Prices are not bad, but you really want at least an 8 footer, or more desirable, an 8.5.


----------



## ahall1115 (Nov 20, 2018)

JMHConstruction said:


> Let's take a step back, because even though we are just trying to help, you were kind of thrown into the fire (welcome to plowsite).
> 
> What is your total budget for this thing? Have you looked to see if you can find a plow (even for more $$) that will fit your truck. Around here, used plows for that body style are pretty common. Don't do what I did and end up with a paperweight that you keep throwing money into. At this point, I won't let myself upgrade because I'm still trying to make up for all the extra repairs I had to put into the thing.
> 
> ...


I understand, I left it very vague in the beginning, I don't mind the questioning towards the background but was primarily focused on the plow itself

My insurance would be covered due to them wanting more employees but currently only having two trucks

I was hoping for the total to be around $1500 - $1800 and around here even the $1500 -$1800 plows for sale don't come with controllers, harnesses, or mounting brackets

All the help I can receive I would love, I'm young and just getting into it and want to learn as much about it as I can


----------



## dieselss (Jan 3, 2008)

ahall1115 said:


> The first plow is for sale for $550 and the second is for sale for $800, my fault for not stating that


Second is a lite duty plow....I'd pass.
That helpful?


----------



## ahall1115 (Nov 20, 2018)

Randall Ave said:


> Prices are not bad, but you really want at least an 8 footer, or more desirable, an 8.5.
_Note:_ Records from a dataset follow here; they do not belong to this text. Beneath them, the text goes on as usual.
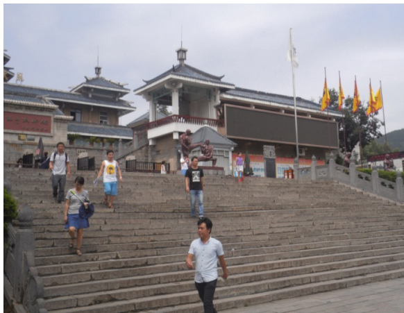
Photo 5. Place of wushu shows

The monastery was once inhabited by several thousand monks, today there are only a few left. The reminder of the old days, for example, are the holes in the bark of ginkgo biloba trees, which are the result of fingers strokes. The leaves of this tree are used to prepare medicinal tea. Monks still have it just like in the old days. They have it only twice a day for breakfast and lunch. They follow a vegetarian diet, no alcohol and no hot spices.
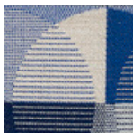
005 High Tide
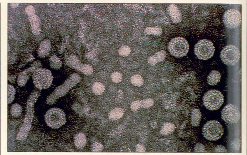
Hepatis B virus

used extensively in the past, especially for the right hepatic resection, a bilateral subcostal incision, with or without a sternal extension, has been used since 1992 irrespective of the lateralization of lesion.
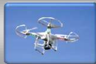
Newest member of the Speedway family

For now, you can call me Peter Pan, because I'm tired of being called "the drone", but don't be calling me Tinkerbell! I'm a kid at heart, not likely to grow up and I can go places you can't. I can pan over long distances and take video and stills. I haven't gotten tangled up in the wires crisscrossing the track yet (I hear you all wondering when that will happen) and I do make a quiet whirring noise if you listen when I'm close by. When all is said and done, I'm going to deliver some magnificent shots of the track and of the racing action!
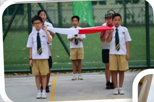
Our SKGian flag bearers

I would love an 8 foot or 8 1/2 but even the cheapest of those sizes are double or even triple the price of the two I am currently looking at in the same or worse quality


----------



## Randall Ave (Oct 29, 2014)

ahall1115 said:


> I would love an 8 foot or 8 1/2 but even the cheapest of those sizes are double or even triple the price of the two I am currently looking at in the same or worse quality


See how you make out, I may be selling a 8 footer unimount. Not that far from you.


----------



## ahall1115 (Nov 20, 2018)

dieselss said:


> Second is a lite duty plow....I'd pass.
> That helpful?


So the first would be the better of the two, and Id use those words lightly correct?


----------



## ahall1115 (Nov 20, 2018)

Randall Ave said:


> See how you make out, I may be selling a 8 footer unimount. Not that far from you.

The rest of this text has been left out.